Questa incapacità operativa e questa non disponibilità a garantire sistematicamente la quota nazionale diventano proprio in questi prossimi giorni ancora più preoccupante: in questo mese diventerà operativa la fase in cui i vari Paesi della Unione definiranno il Programma 2021 – 2027.
La situazione è monitorata con attenzione dalla Direzione Generale Politiche regionali della Commissione europea che all’inizio di novembre 2019 in occasione della riunione annuale con le Regioni e il Governo a Trieste aveva espresso le proprie preoccupazioni per la lentezza con cui l’Italia spende i fondi strutturali europei; una percentuale di spesa tra le più basse dell’intera Unione
Non possiamo più non affrontare una simile grave emergenza; è necessario, proprio in questa fase in cui lo Stato si accinge o almeno dovrebbe accingersi a definire i Programmi nazionali e regionali FESR e FSE 2021 – 2027, elencare e cadenzare formalmente le scelte programmatiche e le relative coperture; non è più possibile, come fatto finora, raccontare dati non veri sulla reale spesa del Programma 2014 – 2020, né elencare impegni di spesa per il Programma 2021 – 2027 nelle future Leggi di Stabilità per assicurare la quota nazionale di tale proposte. Lo so è un momento della verità che dà fastidio soprattutto a coloro che negli ultimi cinque anni hanno preferito utilizzare le risorse solo ai fini elettorali, dà fastidio a coloro che nell’ultimo quinquennio hanno praticamente “bruciato” un volano di risorse annuali superiore mediatamente a 12 miliardi di euro per garantire gli “80 euro”, il “reddito di cittadinanza” e il “quota 100”.

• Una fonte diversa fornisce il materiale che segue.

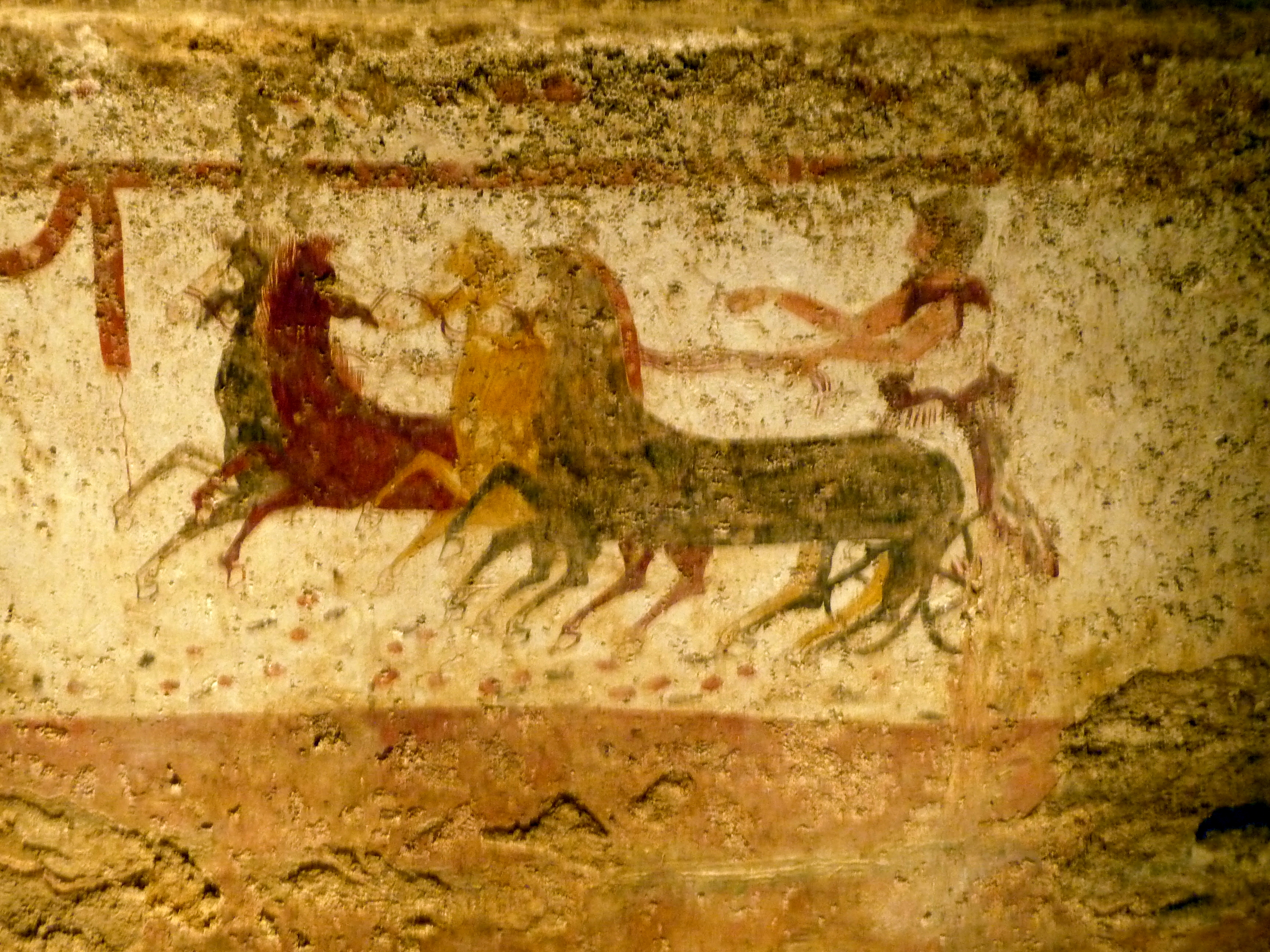 Lucanian tomb of Paestum, with frescoes depicting a quadriga, 4th century BC
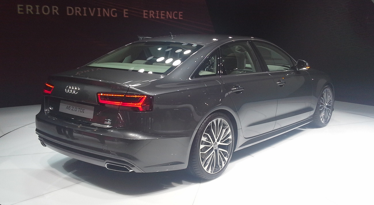 Audi A6 C7 facelift photographed at the Mondial de l'Automobile de Paris 2014 in Paris, France

Sì forse divento noioso nel ricordare sempre queste drammatiche negatività dei Governi che si sono succeduti ma proprio in questi primi mesi del 2020 queste negatività stanno esplodendo e non sarà facile restare indenni da una azione critica formale e pesante della Commissione Europea.
Il debito pubblico e la incapacità alla spesa dei Programmi comunitari possono accelerare un intervento diretto nella gestione del Paese da parte della Commissione Europea; a tale proposito l’ex premier Monti, durante il suo intervento al Senato nella discussione generale sulla fiducia al Governo Conte, ha lanciato un monito: “per evitare l’umiliazione della Troika (l’organo composto da rappresentanti di Bce, Fmi e Commissione europea) mostrate più umiltà e realismo nei confronti del Paese”. Questo rischio, definito dallo stesso Monti una emergenza disgustosa, si avvicina sempre più.